Collected data
- - -

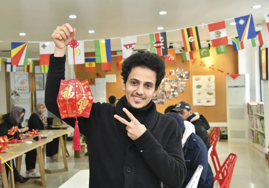 在义外籍人员展示自己制作的灯笼 王洁/摄
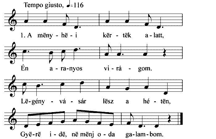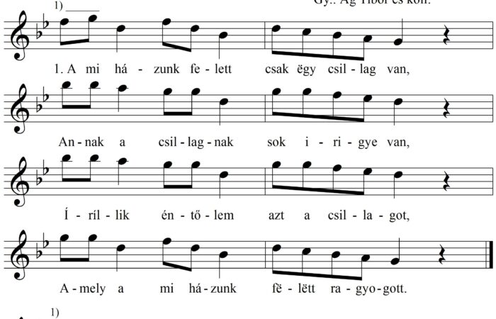 1. A mi házunk felett csak ëgy csillag van, Annak a csillagnak sok irigye van, Írillik éntőlem azt a csillagot, Amely a mi...
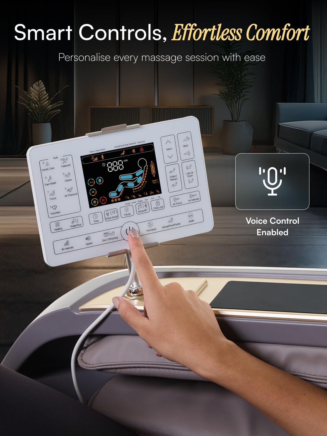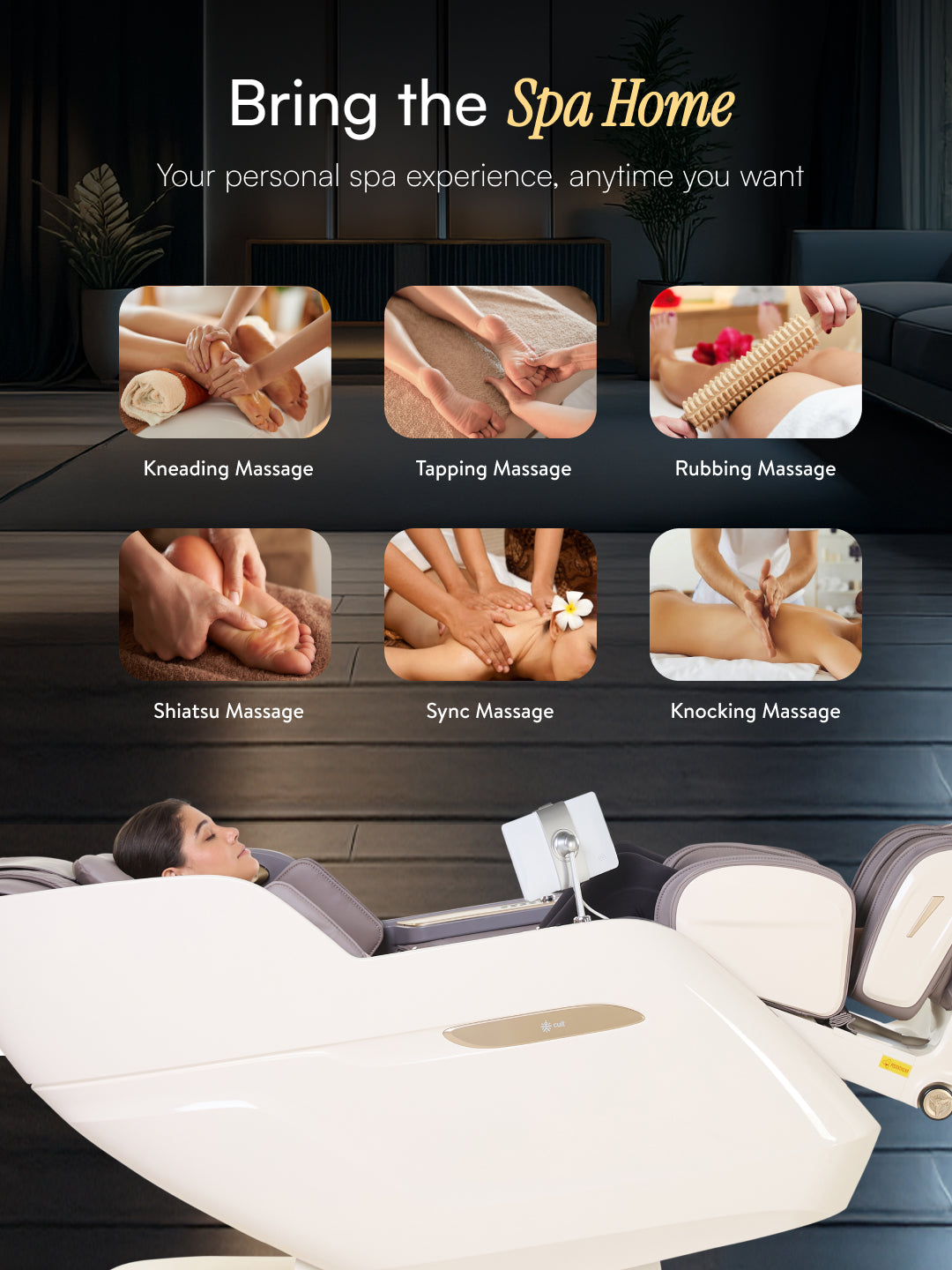 - [Massage Techinques]-(i) 4D Neck Lift - Neck Massage (ii) 4D Shoulder Relax - Shoulder pressure relief (iii) 4D Spinal Shiatsu - Back Soothing (iv) 4D Back Push - Lower back care (v) Kneading (vi) Tapping (vii) Shiatsu (viii) Rubbing (xi) Sync (x) Knocking

- - -

Required work
An exact copy of the listing above, minus its pictures, is what is needed here.

Answer to this task
 在义外籍人员展示自己制作的灯笼 王洁/摄
 1. A mi házunk felett csak ëgy csillag van, Annak a csillagnak sok irigye van, Írillik éntőlem azt a csillagot, Amely a mi...
 - [Massage Techinques]-(i) 4D Neck Lift - Neck Massage (ii) 4D Shoulder Relax - Shoulder pressure relief (iii) 4D Spinal Shiatsu - Back Soothing (iv) 4D Back Push - Lower back care (v) Kneading (vi) Tapping (vii) Shiatsu (viii) Rubbing (xi) Sync (x) Knocking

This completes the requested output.